Clinical studies of KALETRA did not include sufficient numbers of subjects aged 65 and over to determine whether they respond differently from younger subjects. In general, appropriate caution should be exercised in the administration and monitoring of KALETRA in elderly patients reflecting the greater frequency of decreased hepatic, renal, or cardiac function, and of concomitant disease or other drug therapy.
The safety and pharmacokinetic profiles of KALETRA in pediatric patients below the age of 6 months have not been established. In HIV-infected patients age 6 months to 12 years, the adverse event profile seen during a clinical trial was similar to that for adult patients. The evaluation of the antiviral activity of KALETRA in pediatric patients in clinical trials is ongoing.
Study 940 is an ongoing open-label, multicenter trial evaluating the pharmacokinetic profile, tolerability, safety and efficacy of KALETRA oral solution containing lopinavir 80 mg/mL and ritonavir 20 mg/mL in 100 antiretroviral naive (44%) and experienced (56%) pediatric patients. All patients were non-nucleoside reverse transcriptase inhibitor naive. Patients were randomized to either 230 mg lopinavir/57.5 mg ritonavir per m2 or 300 mg lopinavir/75 mg ritonavir per m2. Naive patients also received lamivudine and stavudine. Experienced patients received nevirapine plus up to two nucleoside reverse transcriptase inhibitors.

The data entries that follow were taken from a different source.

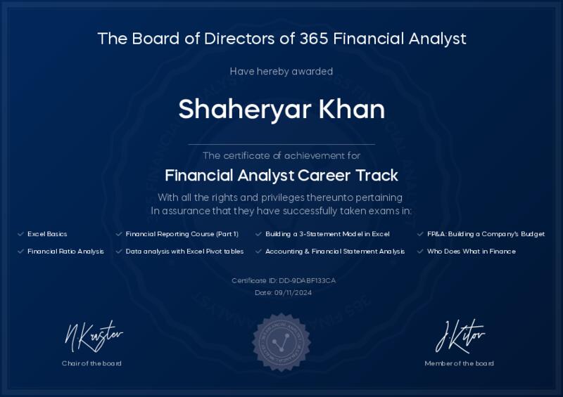 This user has been awarded the Financial Analyst Career Track Certificate for successfully completing all courses and assessments. This certificate confirms their technical expertise and professional credibility to work as a financial analyst.
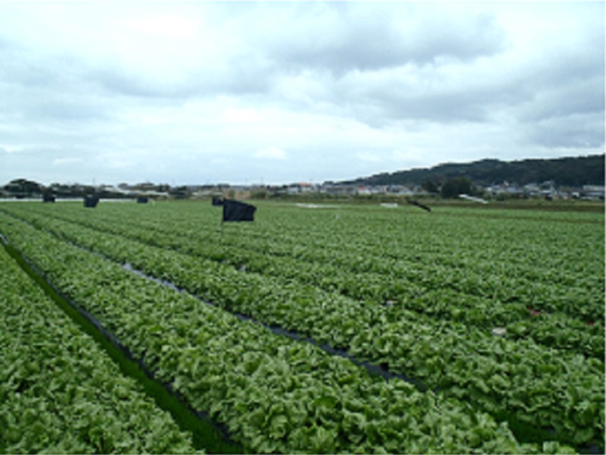 水田の後作なので、雨の影響を受けて一部定植が遅れた。 ・中上段:10月中旬定植、12月中旬収穫予定の圃場。 育苗期の天候不順により葉が薄く軟弱な苗も見受けられる。 ・中下段:9月下旬定植、11月下旬収穫予定。 一部、病気の発生が見受けられる。 ・下段:9月下旬定植、11月下旬収穫予定。 11月出荷予定の圃場においてマル印のような症状が散見される。 | ||||||
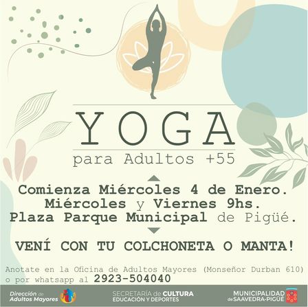 Para estas propuestas de la Dirección de Adultos Mayores, a dictarse los días miércoles y viernes, en la Plaza del Parque Municipal, es posible anotarse previamente en Monseñor Durban 610 de Pigüé o bien al 2923 50 40 40.
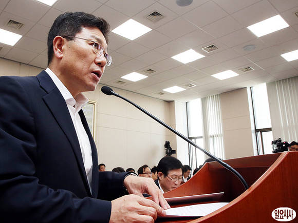 윤상직 산업통상자원부 장관이 5일 오후 국회 산업통상자원위원회 전체회의에서 업무보고를 하고 있다.
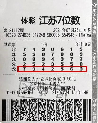 7月25日,江苏体彩7位数第21112期开出中奖号码7342563,南京3201001756网点购彩者张先生中得特等奖1注,奖金500万元。日前,中奖张先生现身江苏体彩兑奖大厅领奖。
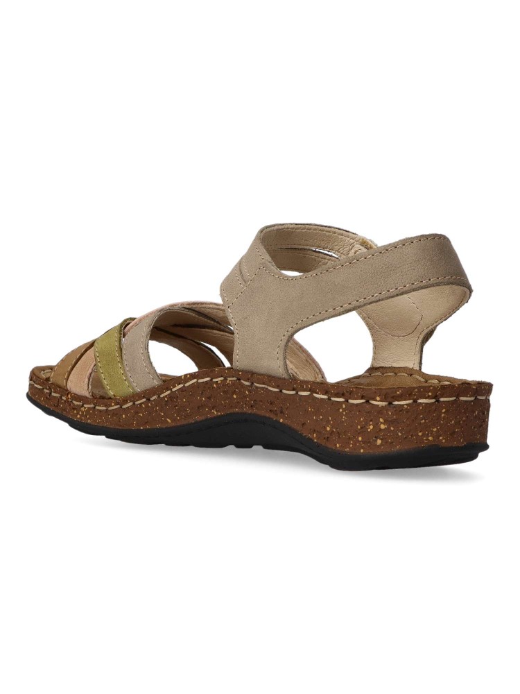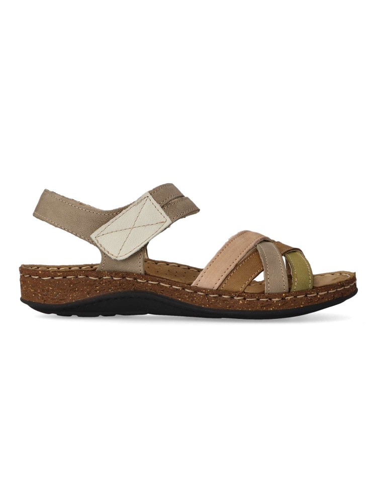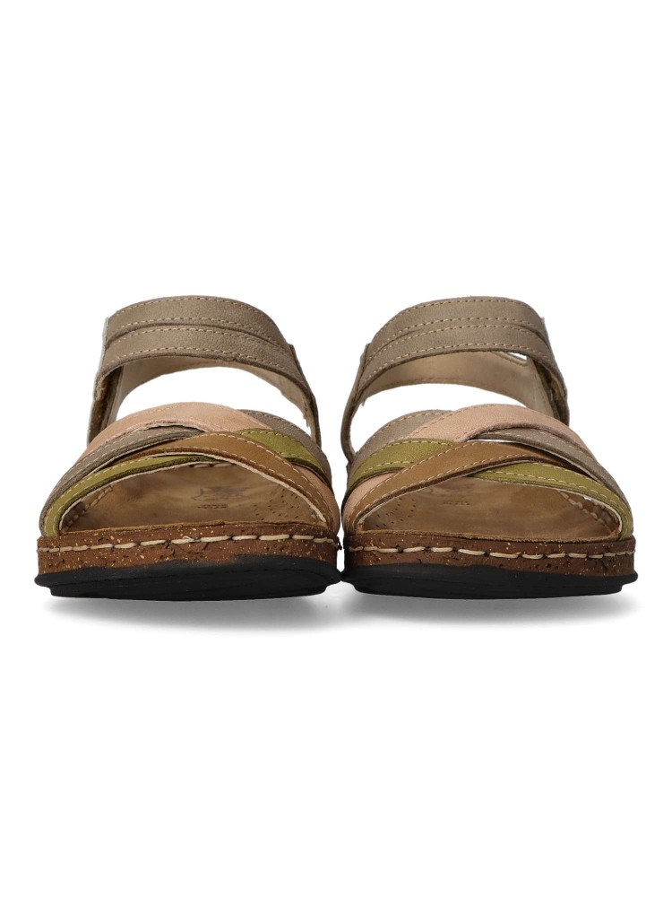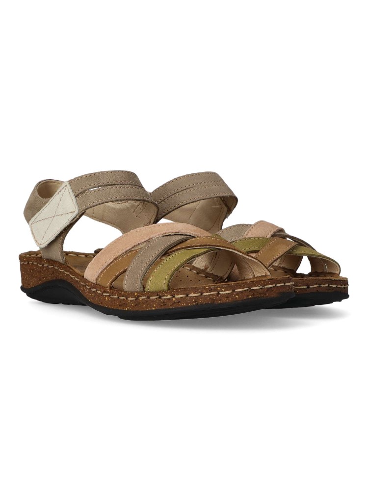 Sandalia cómoda de mujer fabricada en piel de primera calidad, con suela de goma termoplástica. Modelo de tiras con cierre de velcro. Planta acolchada. Disponible en color gris-taupe-kaki. Diseño y confort hechos para ti. Walk & Fly.
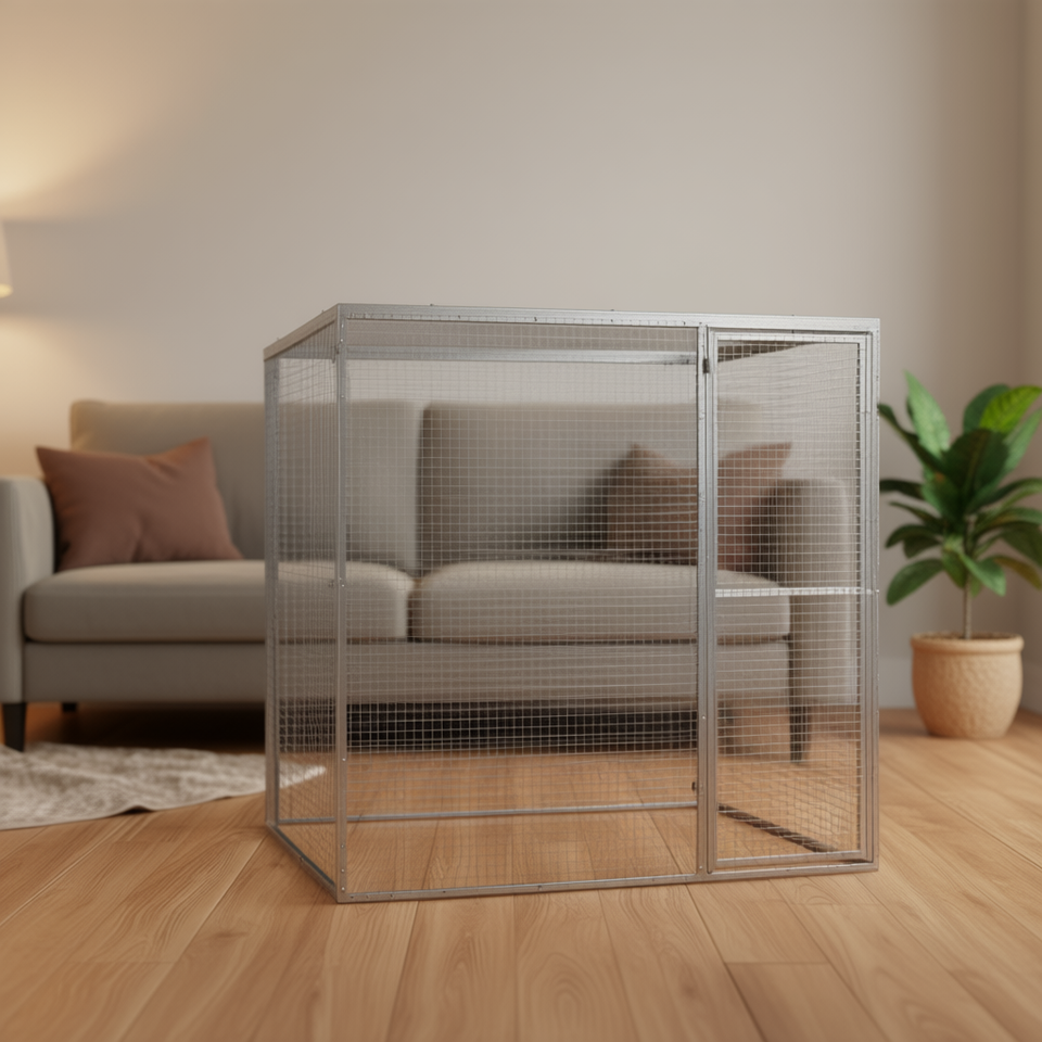 Gabbia per Gatti in Acciaio Zincato Argento, Grande e Quadrata, Chiudibile a Chiave, per Interni
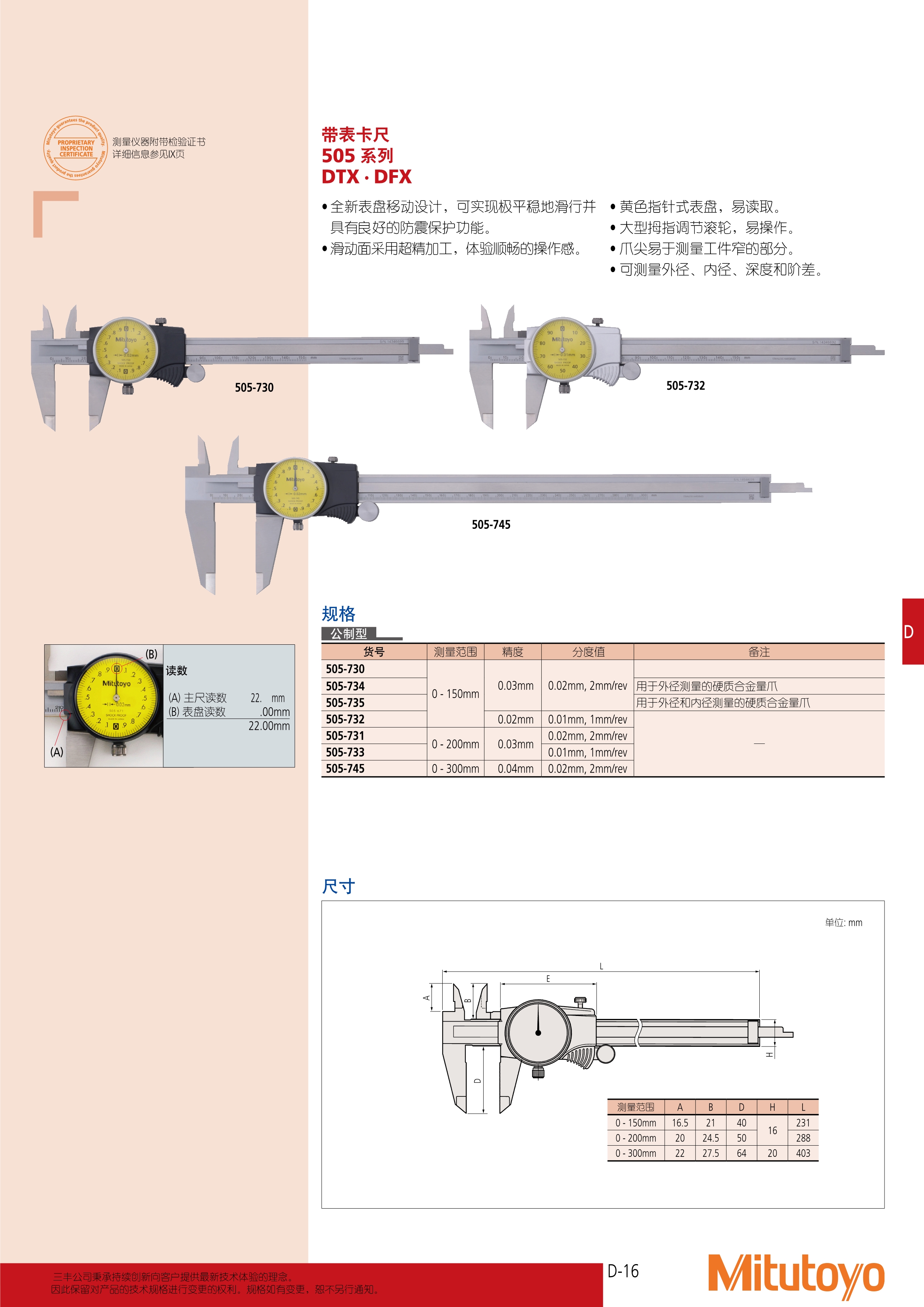 简述: 带表卡尺 505 系列 DTX · DFX • 全新表盘移动设计,可实现极平稳地滑行并 具有良好的防震保护功能。 • 滑动面采用超精加工,体验顺畅的操作感 • 黄色指针式表盘,易读取。 • 大型拇指调节滚轮,易操作。 • 爪尖易于测量工件窄的部分。 • 可测量外径、内径、深度和阶差
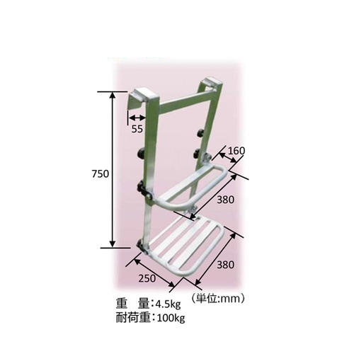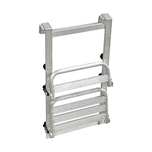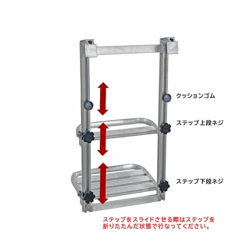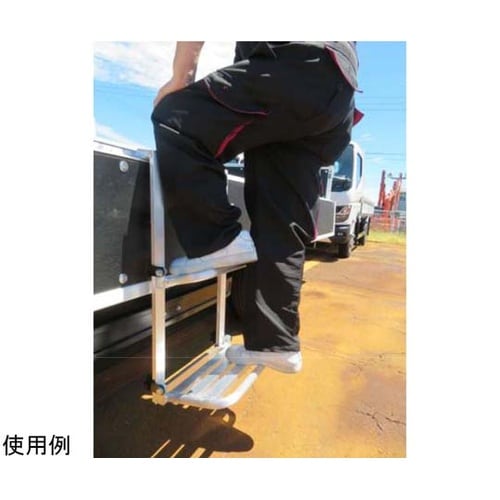 トラック(2t車以上)の昇降設備の設置義務化に。アオリ巾55mm以内の1t車ー4t車までに取り付け可能ステップは2段、ステップ幅はワイドな380mm。登り降りが安定し安心です。軽くて丈夫なアルミ製。 |
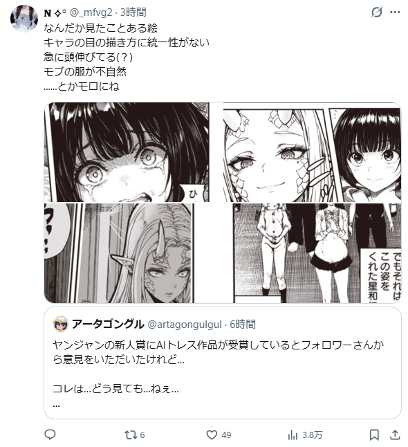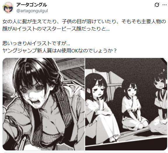目前「Young Jump 新人漫畫大賞」官方貼文底下也湧入了大量網友批評,認為使用AI的作品居然能獲獎,認為主辦單位這樣的審查讓人失望。
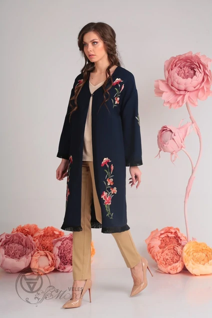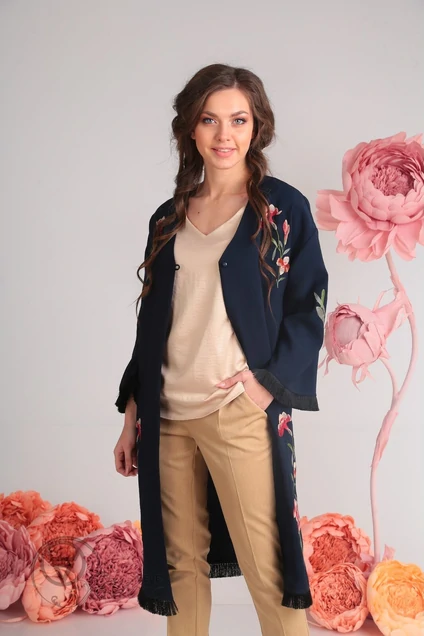 Удлиненный шазюбль прямого силуэта с расширенными к низу рукавами. Выполнен из плательного струящегося вискозного полотна. Изделие декорировано вышивкой: крупные красивые цветы, выполненные в реалистичной стилистике. Низы изделия и рукавов обрамлены густой бахромой цвета основной ткани. Шазюбль повседневного назначения для прохладного летнего вечера. Однако данное изделие может создать и нарядный образ или завершить стильный лук.
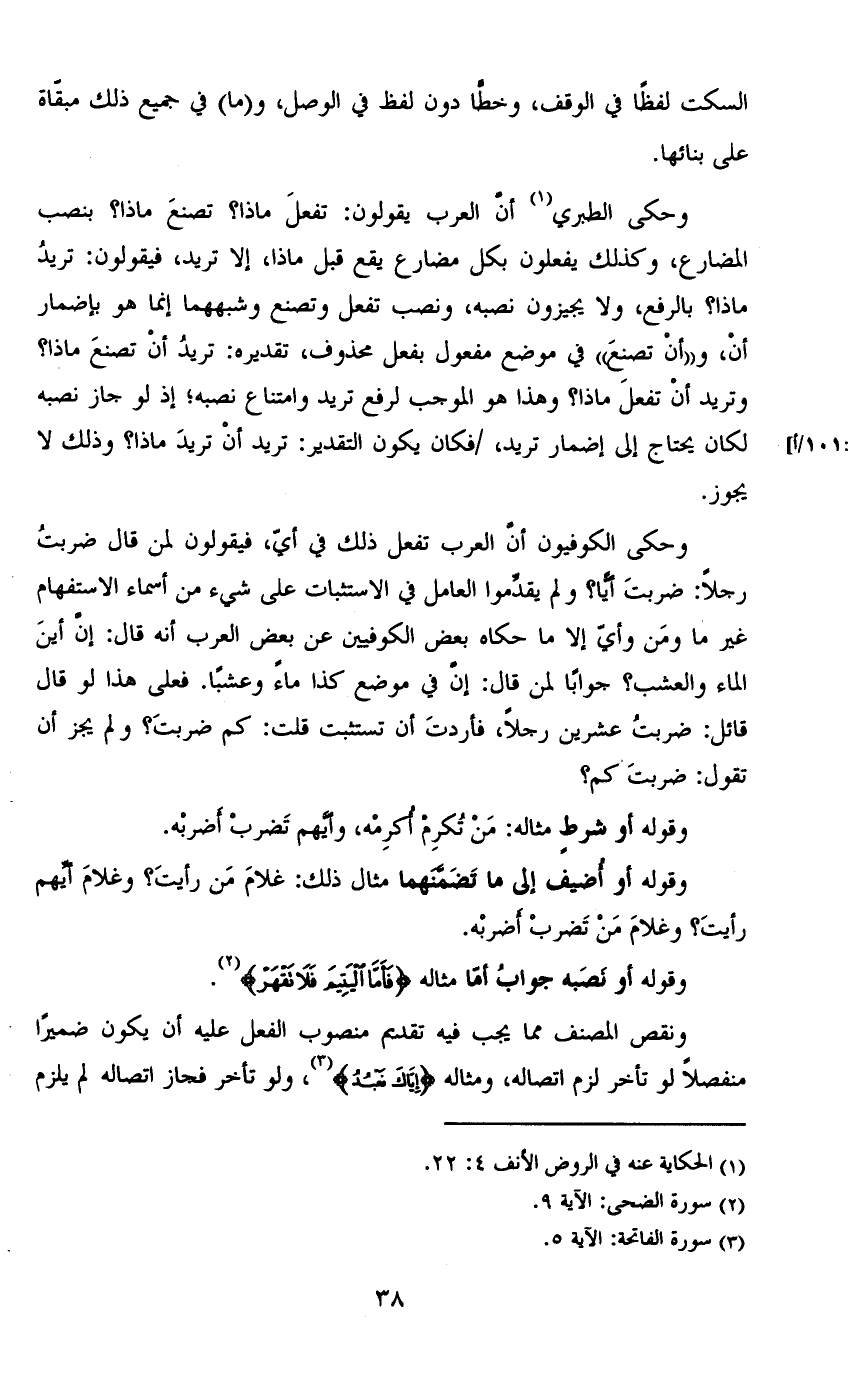 وحكى الطبري أن العرب يقولون: تفعل ماذا؟ تصنع ماذا؟ بنصب المضارع، وكذلك يفعلون بكل مضارع يقع قبل ماذا، إلا تريد، فيقولون: تريد ماذا؟ بالرفع، ولا يجيزون نصبه، ونصب تفعل وتصنع شبههما إنما هو بإضمار أن، و ((أن تصنع)) في موضع مفعول بفعل محذوف، تقديره: تريد أن تصنع ماذا؟ وتريد أن تفعل ماذا؟ وهذا هو الموجب لرفع تريد وامتناع نصبه؛ إذ لو جاز نصبه لكان يحتاج إلى إضمار تريد،/ فكان يكون التقديم: تريد أن تريد ماذا؟ وذلك لا يجوز. ... [3: 101/أ]
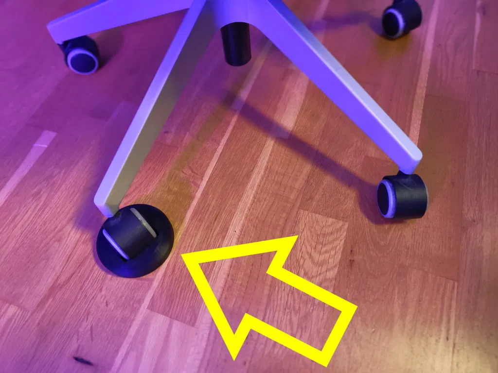 Miếng chặn bánh xe giúp ghế văn phòng đứng yên, thiết kế theo ghế IKEA Markus nhưng có thể hợp với nhiều loại bánh khác. Khuyên in TPU để bám sàn tốt; PLA vẫn dùng được nhưng có thể cần 2+ cái chặn.
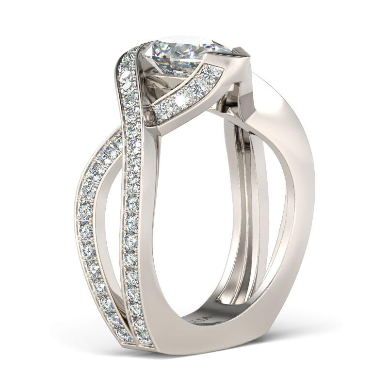 Elegant and modern, this crossover design showcases intertwining strands that represent two lives - and two distinct stories - as they blend together and become one.
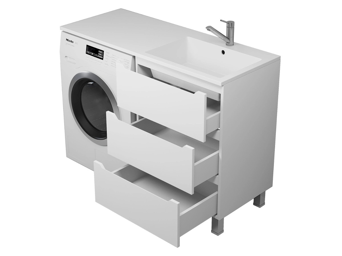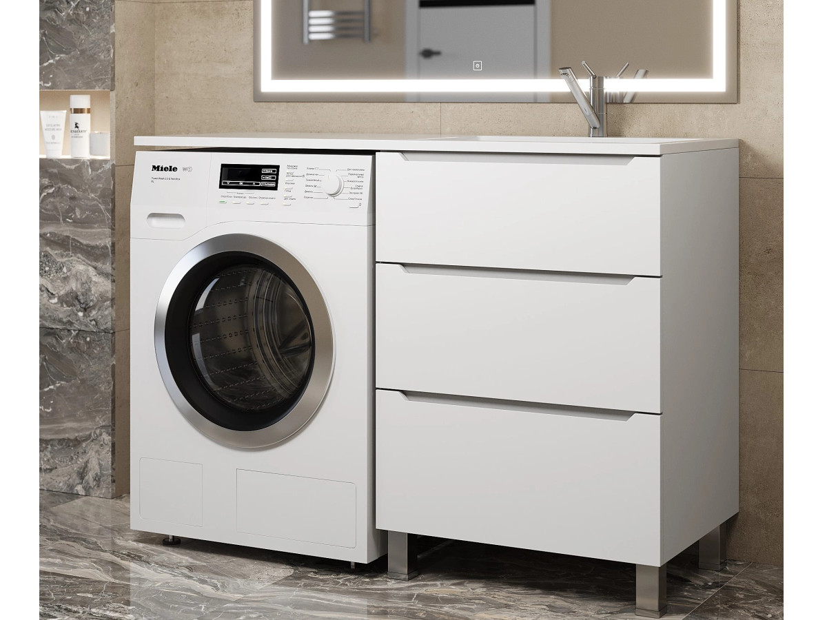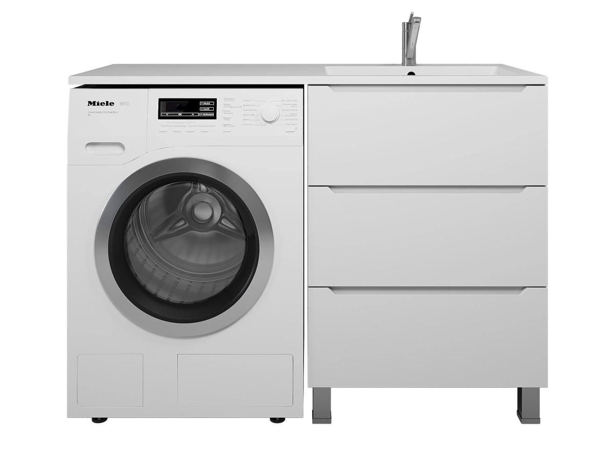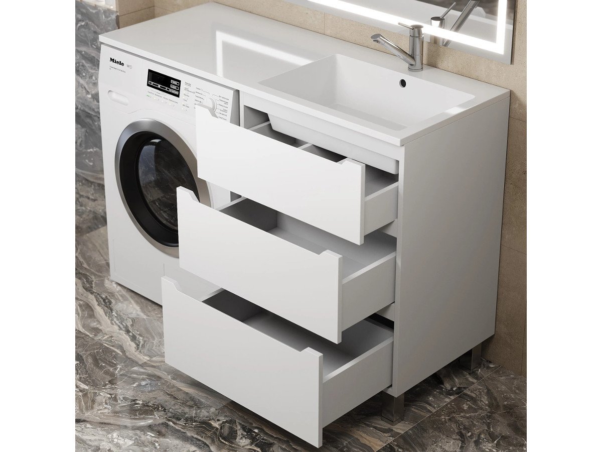 - Тумба под стиральную машину Uperwood Tanos 60 см, напольная, 3 ящика, белая

Safety, efficacy and pharmacokinetic profiles of the two dose regimens were assessed after three weeks of therapy in each patient. After analysis of these data, all patients were continued on the 300 mg lopinavir/75 mg ritonavir per m2 dose. Patients had a mean age of 5 years (range 6 months to 12 years) with 14% less than 2 years. Mean baseline CD4 cell count was 838 cells/mm3 and mean baseline plasma HIV-1 RNA was 4.7 log10 copies/mL.
Through 48 weeks of therapy, the proportion of patients who achieved and sustained an HIV RNA < 400 copies/mL was 80% for antiretroviral naive patients and 71% for antiretroviral experienced patients. The mean increase from baseline in CD4 cell count was 404 cells/mm3 for antiretroviral naive and 284 cells/mm3 for antiretroviral experienced patients treated through 48 weeks. At 48 weeks, two patients (2%) had prematurely discontinued the study. One antiretroviral naive patient prematurely discontinued secondary to an adverse event attributed to KALETRA, while one antiretroviral experienced patient prematurely discontinued secondary to an HIV-related event.
Dose selection for patients 6 months to 12 years of age was based on the following results. The 230/57.5 mg/m2 twice-daily regimen without nevirapine and the 300/75 mg/m2 twice-daily regimen with nevirapine provided lopinavir plasma concentrations similar to those obtained in adult patients receiving the 400/100 mg twice-daily regimen (without nevirapine). KALETRA once-daily has not been evaluated in pediatric patients.